Skip the pictures and write out, word for word, the lines below from the one with "In der Ausstellung" through the one with "Xiaomi, магазин Xiaomi", inclusive.

- _Data provided_:

##########

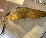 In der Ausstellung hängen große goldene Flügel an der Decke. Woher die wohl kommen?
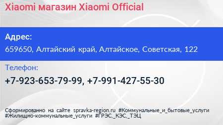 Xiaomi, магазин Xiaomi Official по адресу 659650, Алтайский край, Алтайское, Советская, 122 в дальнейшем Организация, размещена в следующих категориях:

##########

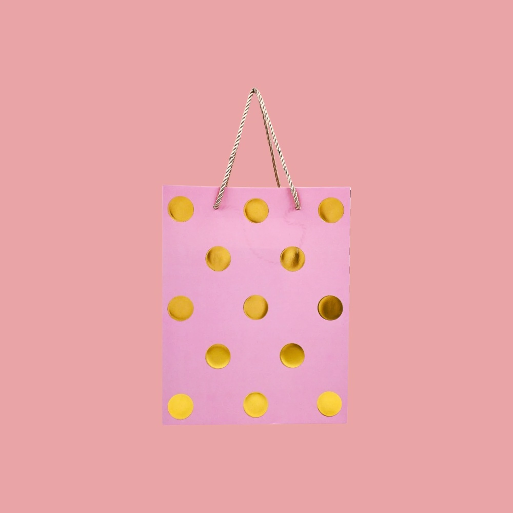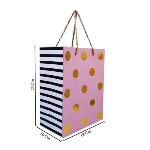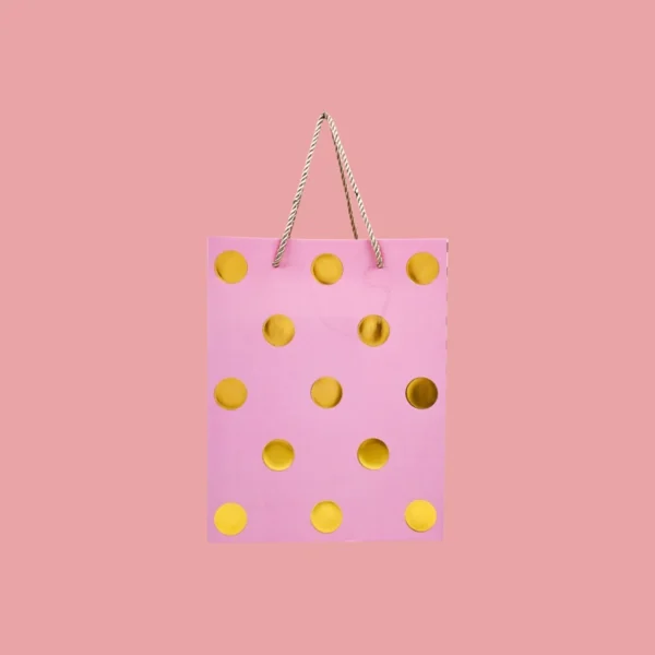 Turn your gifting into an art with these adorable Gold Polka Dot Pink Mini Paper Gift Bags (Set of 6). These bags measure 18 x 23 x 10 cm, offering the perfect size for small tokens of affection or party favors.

##########

- _Written answer_:
 In der Ausstellung hängen große goldene Flügel an der Decke. Woher die wohl kommen?
 Xiaomi, магазин Xiaomi Official по адресу 659650, Алтайский край, Алтайское, Советская, 122 в дальнейшем Организация, размещена в следующих категориях:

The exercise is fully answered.